Woo, however, also noted that investor flows have been in consistent recovery since the middle of February. He pointed out that Bitcoin failed to maintain levels in the mid-70,000 range after rising to $74,000 on Wednesday, but underlying flows have shown improvement during recent weeks.
For those monitoring liquidity and participation trends, this combination of recovering flows and distribution by larger holders presents a complex market structure.
Other Analysts and Data Providers Echo Bear Market View
Woo is not alone in characterizing the current environment as a bear market. Crypto analyst Benjamin Cowen recently described 2026 as a bear market year for Bitcoin and said new all-time highs are unlikely within that timeframe.
On-chain analytics firm CryptoQuant also stated that Bitcoin remains in a bear market despite the recent rally. This assessment aligns with Woo’s broader view that the market has not yet reached a definitive bottom.
In addition, the Crypto Fear and Greed Index, a widely used gauge of investor sentiment, has returned to extreme fear levels. The index had briefly recovered earlier in the week but subsequently fell back, indicating persistent caution among market participants.
For traders and long-term holders, sentiment indicators such as the Fear and Greed Index can influence short-term positioning and volatility, particularly when combined with large price swings.
Market Context for Crypto Users and Platform Participants
Bitcoin’s current position in what several analysts describe as a bear market has broader implications across the digital asset ecosystem. Price volatility and liquidity conditions affect trading volumes, collateral values, and risk management strategies across exchanges and crypto-based platforms.

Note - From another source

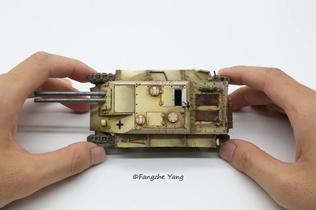回到作品!好喜欢,这德国黄表现得好舒服,脏兮兮的效果表现得克制又美好!没有灰突突的也没有特别硬,小编尤其爱这个履带和和炮管的旧化效果!相信大家一定会喜欢~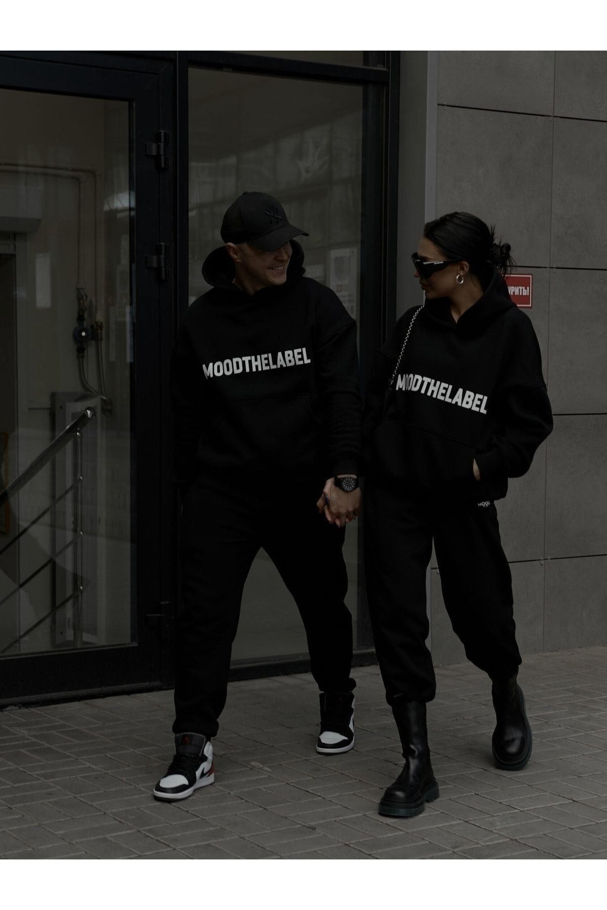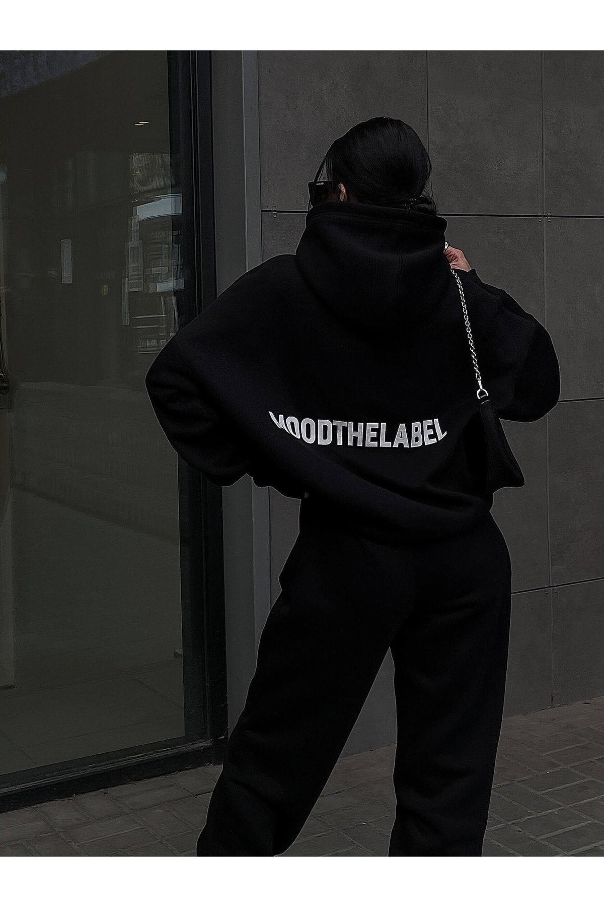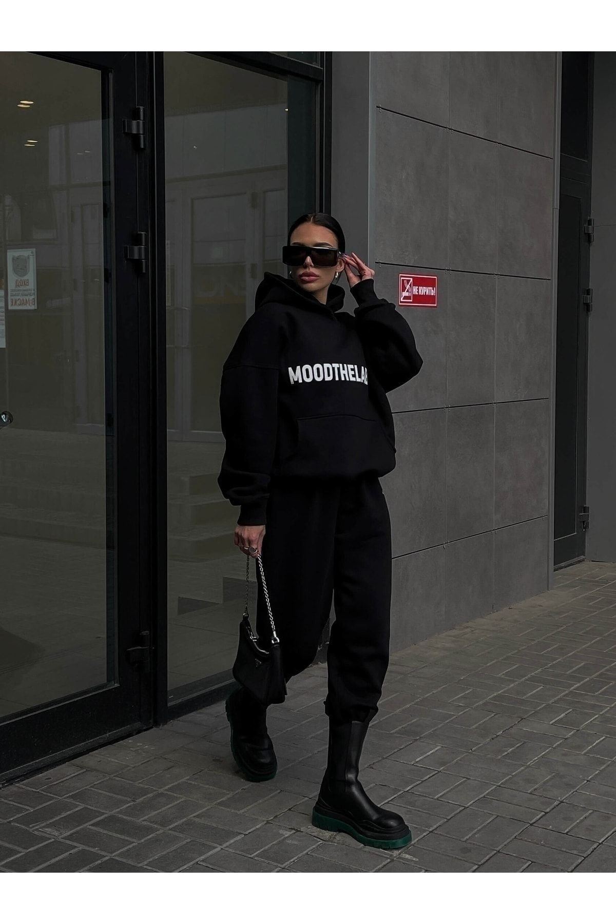 Mood The Label Kışlık Eşofman Takımı - Siyah Baskılı Kapüşonlu Oversize Şardonlu

For users who rely on Bitcoin for payments, including within crypto betting or iGaming environments, price movements can influence deposit values and bankroll management. A market characterized by potential short-term rallies followed by renewed declines may lead to rapid changes in asset value over a limited timeframe.
At the same time, diverging behavior between retail investors and large holders adds another layer of uncertainty. If whale selling continues while smaller investors accumulate, price stability may remain limited in the near term.
Our Assessment
Based on statements from Willy Woo, CryptoQuant, Benjamin Cowen, and data referenced from Santiment and the Crypto Fear and Greed Index, Bitcoin is currently described by multiple analysts as being in the middle phase of a bear market. Although short-term rallies are possible, including what Woo characterizes as a potential bull trap, there is no confirmation that a cycle bottom has formed. Price levels remain significantly below the October all-time high, and sentiment indicators reflect elevated caution among investors.